SEIU leadership OK’d to bolt from AFL-CIO
Monday, June 13, 2005 | 9:24 a.m.
SAN FRANCISCO -- The board of the nation's largest labor union on Saturday gave its leadership the authority to break away from the AFL-CIO, citing a "fundamental and apparently irreconcilable disagreement" over how to rebuild the ailing labor movement.
Meeting in San Francisco, the executive board of the 1.8 million-member Service Employees International Union authorized its executive committee to decide if and when to "disaffiliate" from the AFL-CIO, though no decision has been made about whether SEIU will leave the federation, said spokesman Ben Boyd.
The board said it acted after executive boards of local unions representing 70 percent of SEIU membership adopted resolutions authorizing disaffiliation from the AFL-CIO, the national federation of more than 50 unions formed five decades at the height of organized labor's power.
"The union movement must focus on uniting with the 9 out of 10 workers who have no union," the board said in a statement. "We cannot help workers make major advances in each industry as long as the AFL-CIO structure and rules condone and reward union strategies that divide workers' strength in each industry."
AFL-CIO officials could be reached for comment on Saturday.
The SEIU board's move comes as labor leaders debate how to reform the labor movement and stem a steep decline in union membership. While more than 30 percent of American workers belonged to unions 50 years ago, only about 12 percent are union members today.
Labor leaders blame a variety of factors -- trade agreements, poor enforcement of labor laws, Republican tax policies and the shift away from an industrial-based economy.
SEIU leaders have threatened to leave the AFL-CIO unless the federation commits to a dramatic reorganization. The SEIU wants the AFL-CIO to cut its budget by more than 50 percent and use the savings to boost organizing by member unions.

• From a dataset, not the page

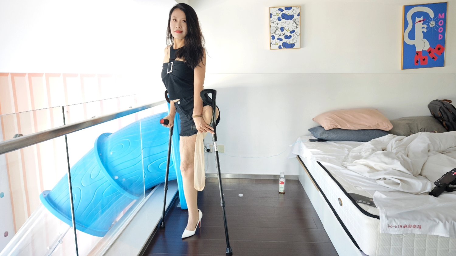 Today, Ayla demonstrated how she, as a disabled person, wears stockings and showed her residual limb wounds. Although these wounds once caused her great pain, she has completely overcome them. She was happily playing in the playground, and her joy was shared with everyone.
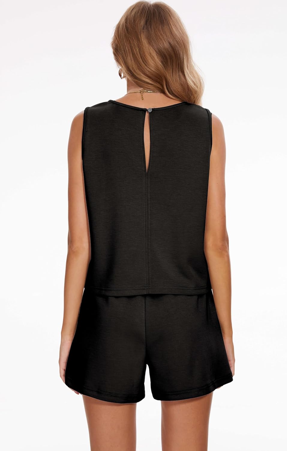 Women’s Summer 2 Piece Outfits Short Sleeve Crew Neck Top Cropped High Waist Shorts Sets with Pockets

"We fundamentally think the AFL should devote more time, energy and resources to organizing," Boyd said Saturday. "But it's not just about AFL resources. It's about structural reforms and how you achieve those growth goals."
AFL-CIO President Sweeney, who faces a tough re-election bid this summer, has said he's done plenty to increase membership over the past ten years, and has pledged to do more.
During a speech Monday in St. Louis, Sweeney said he supports restructuring the AFL-CIO to build more powerful state and local labor movements, while creating a permanent way to mobilize members to organize, carry out political activities and back up contract campaigns and strikes.